Das Mitternachtsfeuer
Es war in alter Zeit, da hauste auf Schloß Itter ein gar grausamer Geist. Er versuchte ahnungslose Menschen in die Nähe des Schlosses zu bringen, von wo er sie in ein unterirdisches Verließ brachte und dort tagelang quälte.
Ein Bauer vom Salvenberg hatte am Abend in Itter etwas zu tun. Als er sich auf den Heimweg machte, war es stockdunkel. -Gehört hatte er vom Itterer Geist schon oft, aber er glaubte nicht daran. - Auf einmal stand ein Mann neben ihm. Der fremde Mann nahm den Bauer beim Arm und ging mit ihm in jenes Verließ, in dem schon viele schmachteten. Wieder Bauer sah, was der Mann mit ihm wollte, sagte er: "Was willst du?" "Nichts", antwortete der Mann. "Warum hast du mich hierher gebracht?" fragte der Bauer.
Jetzt gab sich der Mann zu erkennen; er war der Geist von Itter. Dem Bauern wurde bang. Was nun? Da im Verließ auch kein Licht war, durchsuchte der Bauer seine Taschen und fand, was er brauchte. Zunder und Feuerstein. Schnell probierte er Feuer zu machen. Und es gelang ihm. Mit dem Feuer in der Hand versuchte er die Tür zu öffnen. Als er die Tür geöffnet hatte, flüchtete er in das Freie.
Seit diesem Tage mußte der Geist bis zu seiner Erlösung im Verließ neben einem Lichtlein bleiben. Zur Mitternachtstunde wurde das Lichtlein größer; dieses Lichtlein nannte man das Mitternachtsfeuer.

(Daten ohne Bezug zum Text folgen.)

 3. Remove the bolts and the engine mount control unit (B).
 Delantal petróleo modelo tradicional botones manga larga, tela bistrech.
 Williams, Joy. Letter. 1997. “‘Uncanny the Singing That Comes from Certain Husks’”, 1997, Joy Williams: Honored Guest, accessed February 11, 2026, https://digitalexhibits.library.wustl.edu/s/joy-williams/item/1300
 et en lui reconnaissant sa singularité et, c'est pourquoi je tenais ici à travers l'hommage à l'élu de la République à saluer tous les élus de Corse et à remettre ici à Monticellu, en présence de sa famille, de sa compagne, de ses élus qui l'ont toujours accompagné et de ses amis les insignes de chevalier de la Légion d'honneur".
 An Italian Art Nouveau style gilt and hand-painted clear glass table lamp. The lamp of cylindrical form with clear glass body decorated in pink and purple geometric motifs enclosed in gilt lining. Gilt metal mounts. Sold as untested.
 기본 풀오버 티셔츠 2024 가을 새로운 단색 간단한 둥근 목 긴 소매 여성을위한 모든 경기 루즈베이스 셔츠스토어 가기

Als der Geist erlöst wurde, wanderte das Lichtlein in der Nacht
zu jenem Bauern, der ihm im Verließ mit Zunder und Feuerstein Feuer
machte. Dort erlosch es.
Quelle: Anton Schipflinger in: Tiroler Heimatblätter
1937, Nr. 3, S. 79 - 81.
aus: Sagen, Bräuche und Geschichten aus dem Brixental und seiner
näheren Umgebung, gesammelt und niedergeschrieben vom Penningberger
Volksliteraten Anton Schipflinger, zusammengestellt von Franz Traxler,
Innsbruck 1995 (Schlern-Schriften Band 299).